O ser humano é um ser narrador e tem necessidade de narrar-se a si mesmo, de tecer histórias, cuidar delas. Assim aconteceu, por exemplo, com a “História das histórias”, a Sagrada Escritura. Se hoje podemos saber a história de tantos profetas, pessoas tocadas por Deus, é graças a esta necessidade humana de contar história. O Antigo Testamento é recheado delas. E os próprios Evangelhos são narrações.

O início do Evangelho segundo Lucas nos traz: “Muitas pessoas já tentaram escrever a história dos acontecimentos que se passaram entre nós. Elas começaram do que nos foi transmitido por aqueles que, desde o princípio, foram testemunhas ocultas e ministros da palavra. Assim sendo, após fazer um estudo cuidadoso de tudo o que aconteceu desde o princípio, também decidi escrever para você uma narração bem ordenada, excelentíssimo Teófilo. Desde modo, você poderá verificar a solidez dos ensinamentos que recebeu”. (Lc 1,1-4)

Verificar. Estudo cuidadoso. Como nem todas as histórias são boas, frequentemente somos bombardeados por narrações inverídicas, utilizadas para discursos banais e falsamente persuasivos, que proclamam ódio ou estão alinhadas à busca do poder. Elas, porém, têm vida curta. Uma história boa, ao contrário, é capaz de transpor espaço e tempo, permanecendo atual.

“O próprio Jesus falava de Deus, não com discursos abstratos, mas com as parábolas, breves narrativas tiradas da vida de todos os dias. Aqui a vida faz-se história e depois, para o ouvinte, a história faz-se vida: tal narração entra na vida de quem a escuta e transforma-a”, diz o Papa Francisco.

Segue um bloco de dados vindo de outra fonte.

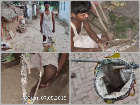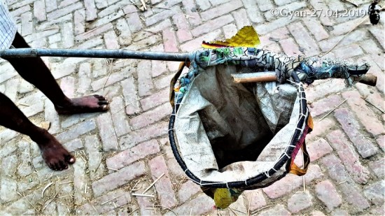 राजेन्द्र का पूरी तरह बना खोंचा। चित्र में लग्गी का हुक और बेल सहेजने के लिये थैला स्पष्ट है।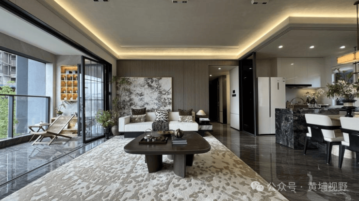 阔绰景观阳台,刚好俯瞰约2000㎡阳光草坪和泳池庭院,观景视野绝了。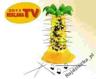 op. 32,5x9x27 cm REKLAMA TV: od 15 listopada do 15 grudnia, 2013. Opis produktu: Gracze wkładają małpki do palmy i wyjmują patycznki w kolorze, który losują rzucając kostką. Kto zbierze najmniej małpek, wygrywa! Gra nie wymaga umiejętności czytania i jest idealna dla młodszych dzieci, lecz także rodzice będą się bawić doskonale! Gra wymaga zręczności i buduje na pięcie. Jest łatwa do nauczenia i zabawna. To wciąga! Zawartość pudełka: 1 drzewo, 30 małp, 30 patyczków w trzech kolorach, 1 kostka, instrukcja. Gra przeznaczona: dla 2 do 4 graczy, w wieku od 5 lat.
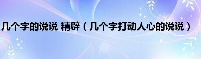 大家好,小晋来为大家解答以下问题,关于几个字的说说 精辟,几个字打动人心的说说很多人还不知道,今天让我们一起来看看吧!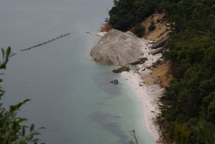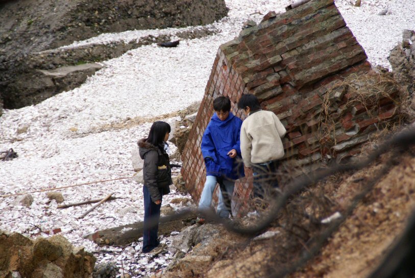 Ne apropiem. Cele două blocuri de beton din planul apropiat sunt două afete de tun din era Meiji, demult căzute din turnurile de pe faleză. (Fotografia de mai jos poate fi mărită cu un clic.)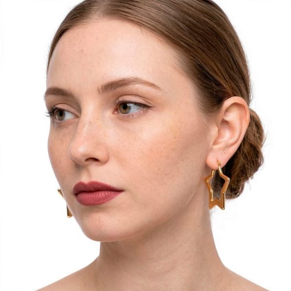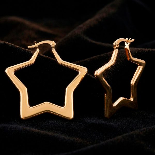 Argollas enchapadas en oro con silueta de estrella y acabado pulido espejo. Una joya moderna, ligera y con un diseño simbólico deslumbrante.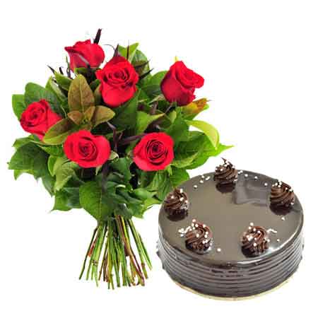 Roses speak the language of love and romance. Propose her once again to fall in love with you with this amazing gift set of six red roses in a bunch and a half kg ultimate chocolate cake. This freshly baked cake consists of layered chocolate sponge base and crunchy chocolate chips.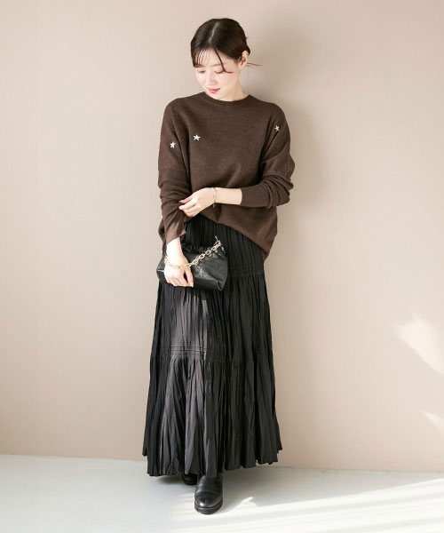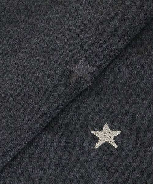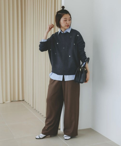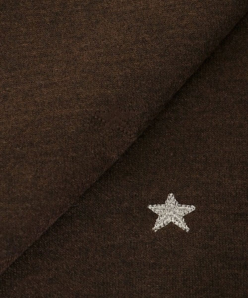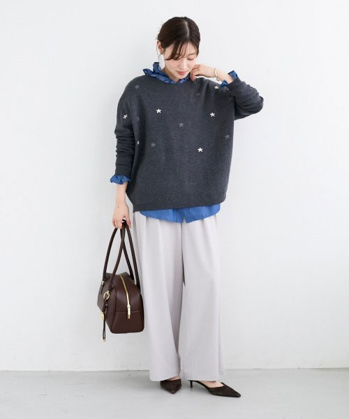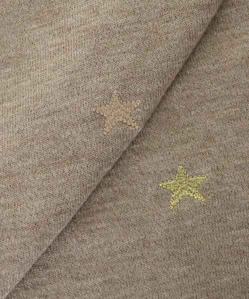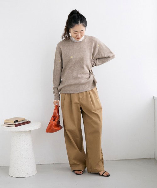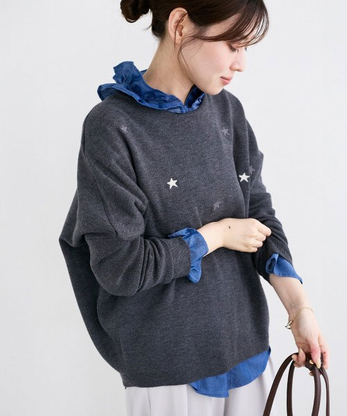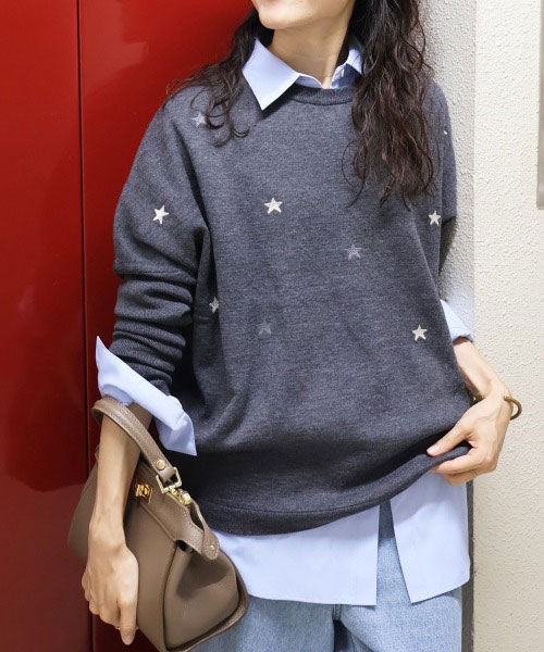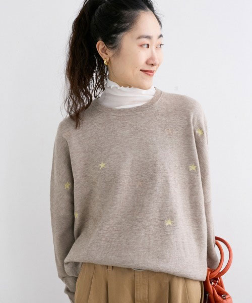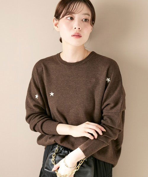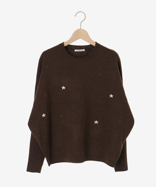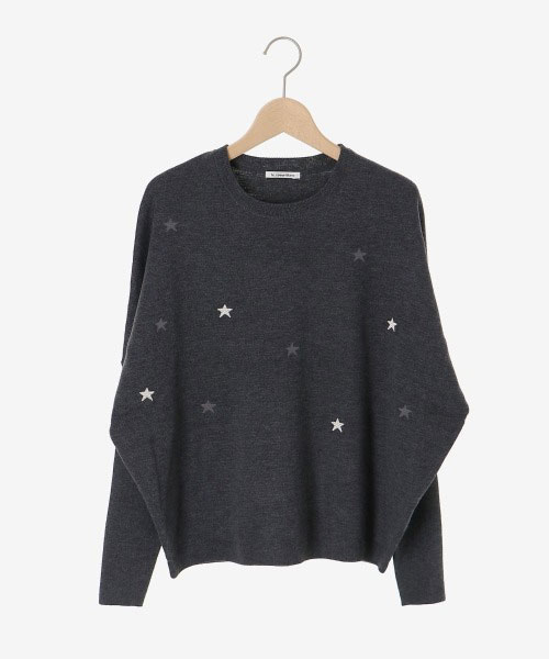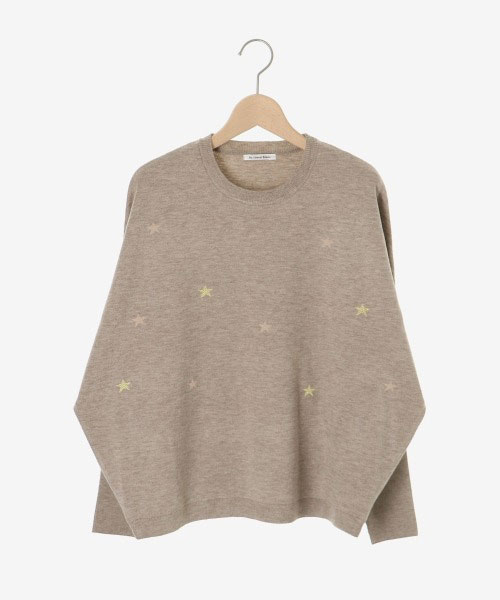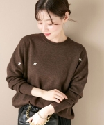 落ち着いたベースカラーにさりげなく散りばめられたスター刺繍がひかるクルーネックニット。●ポイント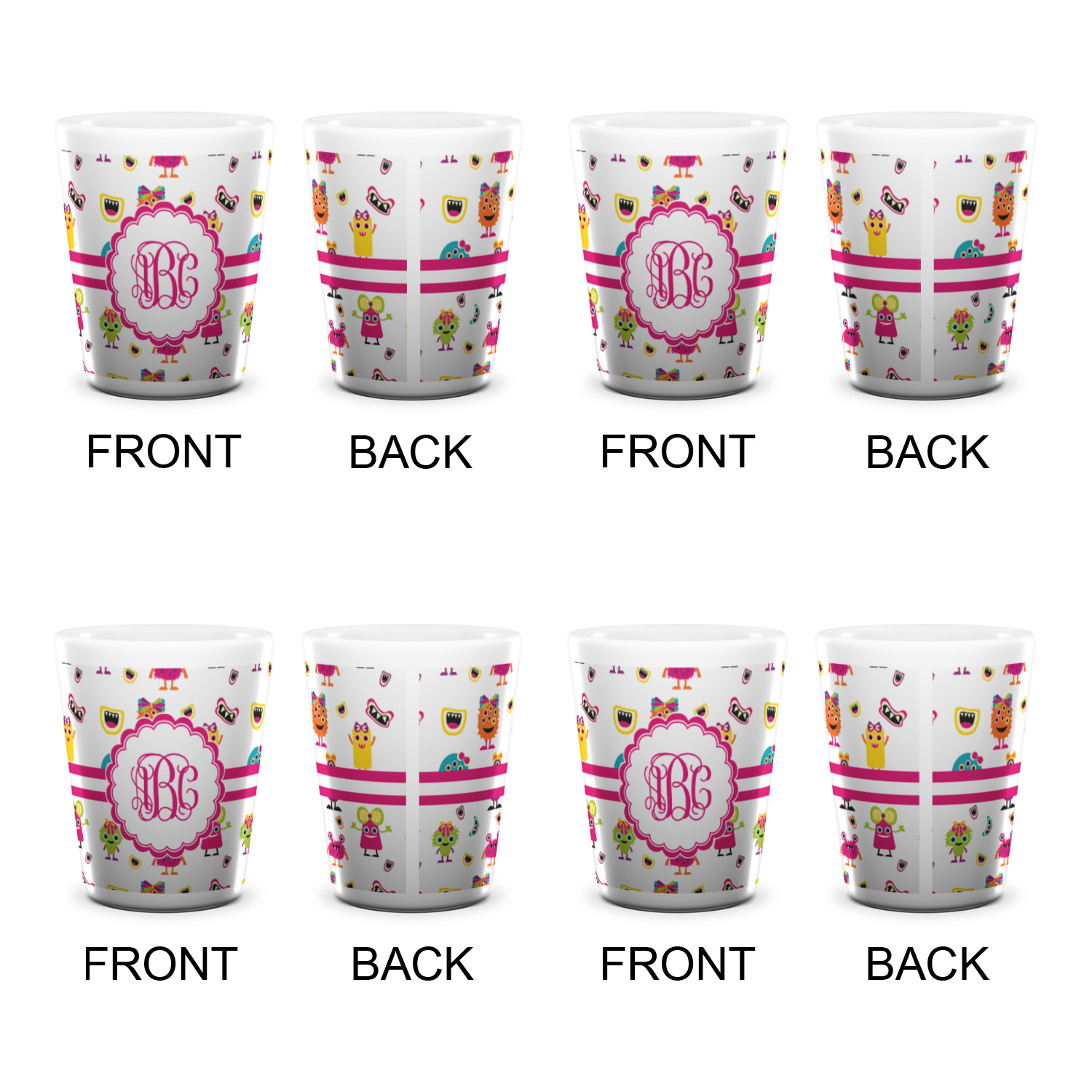 Made from ceramic these shot glasses are printed in full color with the design of your choice. These are a standard 1.5oz size and stand 2.25" tall. Available in a full white ceramic or a two-tone with a black color inside the shot glass. Buy a single or a set of 4, all of which can be designed separately to get you just what you want and need.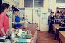 15 января 2017 года ребята 2А класса побывали в кафе на мастер- классе и приняли активное участие в изготовлении пиццы. Для начала будущим пиццийоло выдали фартуки. В зале был накрыт большой стол с ингредиентами будущего блюда. Шеф-повар кафе ознакомил с технологией приготовления. Работа закипела: каждый старательно раскатывал тесто, смазывал его соусом, раскладывал начинку, писал на пицце своё имя. И вот пицца готова! Пора снимать пробу! Дети были в восторге! Вот так интересно и полезно мы провели выходной день.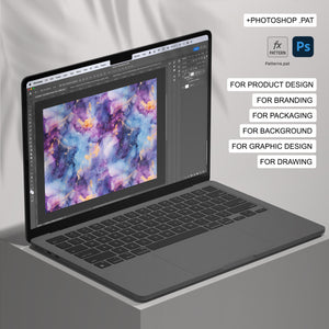 The patterns come in high-resolution JPEG and .PAT (Photoshop pattern) formats.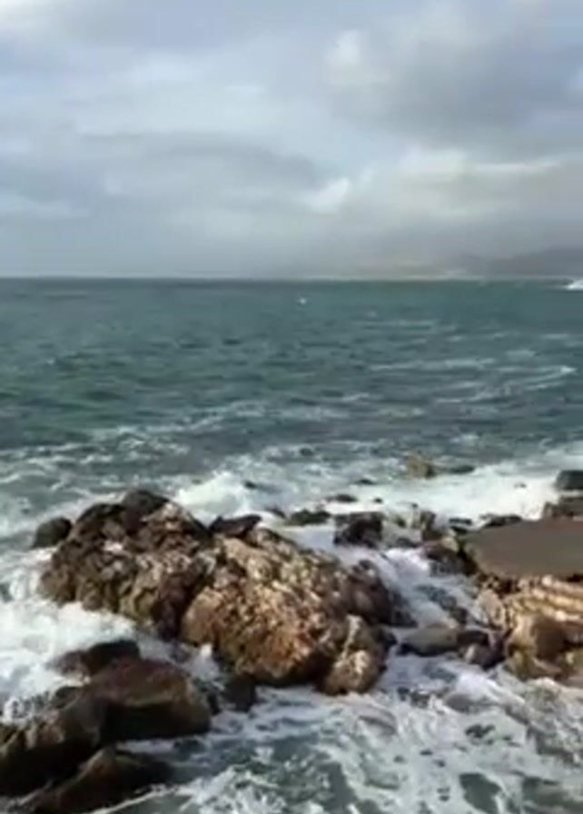 rocky coastline on a cloudy day. Waves crash against the rocks and the shoreline. In the distance, there is land with buildings and mountains. The water is a dark green color and the sky is mostly cloudy, with patches of blue.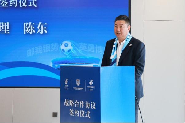 在国家“体育强国”战略和总行金融赋能城市发展策略的引导下,10月29日上午,大连英博足球俱乐部与邮储银行大连分行、邮政大连市分公司正式签署战略合作协议,市委宣传部新闻处宋强处长到场见证,三方携手开启“金融+邮政+足球”的跨界合作新篇章,为大连“足球城”振兴工作注入新的活力。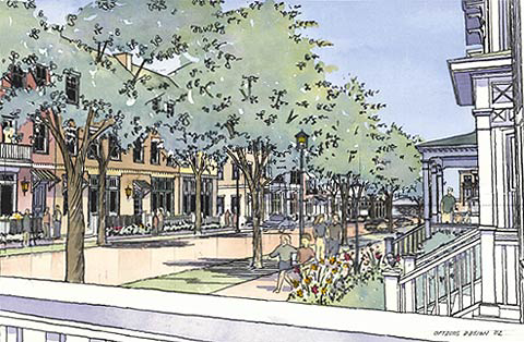 HISTORIC TOWN CENTERA view from one of the narrow single family porches towards the live-work units across the street in the Town Center.

“Mas para quem contar a nossa história? Parece tão insignificante!” Basta contar para Deus, que mesmo sabendo de tudo, nunca deixa de nos ouvir com fidelidade e atenção.  E podemos contar mais uma vez, porque mesmo para os mesmos fatos sempre mudamos o sentido e a perspectiva, como uma nova forma de olhar.

O seminarista Fabricio e sua família. Ouvir a história de uma religiosa ajudou em sua vocação

É assim que o jovem Fabrício Fagner Ferreira, seminarista na Diocese de Amparo (SP), gosta de conversar com Deus, contando a descoberta de sua vocação. Quando trabalhava como um jovem aprendiz na Santa Casa de Misericórdia da sua cidade, convivendo com uma religiosa que lá também trabalhava, sentiu a voz de Deus através das conversas com ela, que contava a sua história. “Ah, meu Senhor, como meu coração se enche de alegria em olhar para traz e ver os seus grandes feitos em minha vida! Quantos momentos, quantas histórias que já vivemos e que para sempre ficarão na minha memória”.

Para contar a nossa própria história não é necessário sermos herói, estarmos nos quadrinhos ou nas prateleiras das melhores livrarias. Basta nos permitir. Qual é a sua história?